Multivariate analysis confirmed that PAC monitoring adjusted for age, gender and the presence of CS upon admission was an independent predictor for higher survival rates with an adjusted HR of 0.63 (95% CI 0.41-0.97; p = 0.035; fig. 3b). NNT after adjustment was 7 (95% uncertainty range 4-100). This model was also well calibrated (p = 0.318). The Harrell c-statistic after 500-bootstrap resampling suggested the stability of the model (from 0.659 before the test to 0.642).
Secondary End Point
Mortality at day 30 and subsequent CS was 67% in patients with ACS compared to in non-ACS patients (60%, p = 0.396). PAC did not have an impact on the mortality in patients with ACS (63% vs. 75% in non-PAC patients; p = 0.303). However, the use of PAC was associated with lower mortality in non-ACS patients (49% PAC vs. 82% in non-PAC; p = 0.010; fig. 4). Moreover, this association remained significant when it was added to our short- and long-term models adjusted by age, gender and CS upon admission. Hence, the adjusted HR of patients with PAC and non-ACS was 0.36 (95% CI 0.19-0.68, p = 0.002) and 0.48 (95% CI 0.26-0.87, p = 0.015) in the short- and long-term models, respectively.
Fig. 4
Impact of PAC on 30-day mortality according to causes of CS.
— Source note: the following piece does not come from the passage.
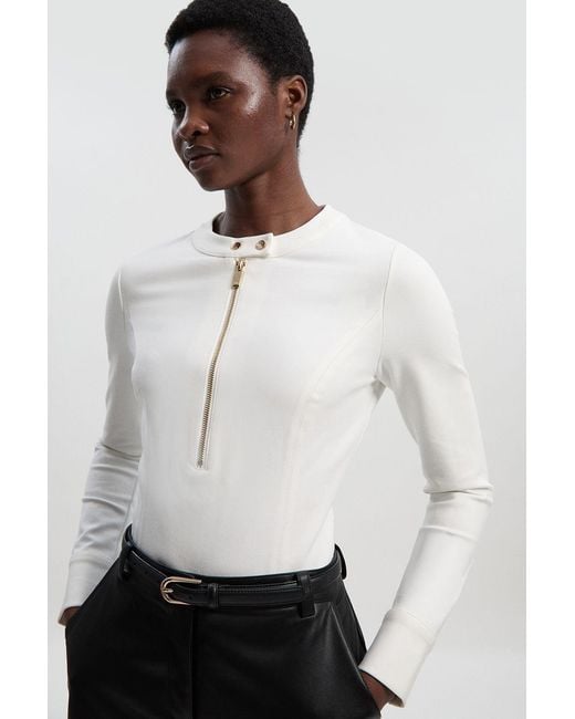- Ponte Zip Trim Detail Long Sleeve Bodysuit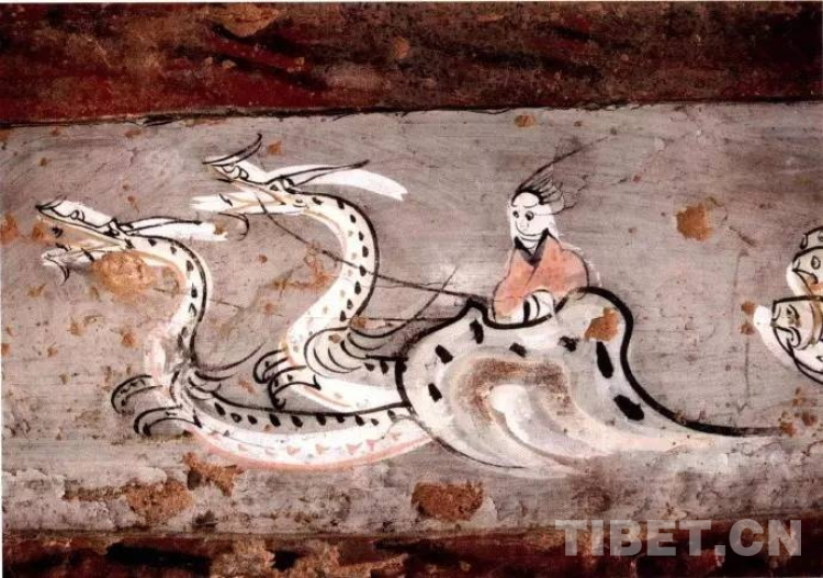 圖為陜西靖邊縣郝灘漢墓壁畫(huà):駕雙龍之車(chē)遨游天國(guó)圖,距今約2000年。

Mechanical complications of acute myocardial infarction showed nonsignificant differences between groups: ventricular septal rupture (2% in non-PAC vs. 1% in the PAC group, p = 0.602) and cardiac free wall rupture (0% in non-PAC vs. 5% in the PAC group, p = 0.155). There were no papillary muscle ruptures.
Location of Venous Access and Complications Related to PAC
The location of venous access to insert the pulmonary artery catheter was mainly via the basilic vein (44%) and jugular vein (36%), with less common access gained via the femoral vein (8%) and subclavian vein (8%). Some patients were accessed via both basilic and jugular veins (4%). No deaths related to PAC complications were reported; however, 4 patients (5%) presented with major complications directly attributable to the use of PAC: atrioventricular block, ventricular tachycardia, pneumothorax and catheter-related bloodstream infection.
Discussion
After adjustment for age, gender and the presence of CS upon admission, the use of PAC in patients with CS for any cause was associated with significantly reduced short- and long-term mortality. This difference was only significant in non-ACS patients.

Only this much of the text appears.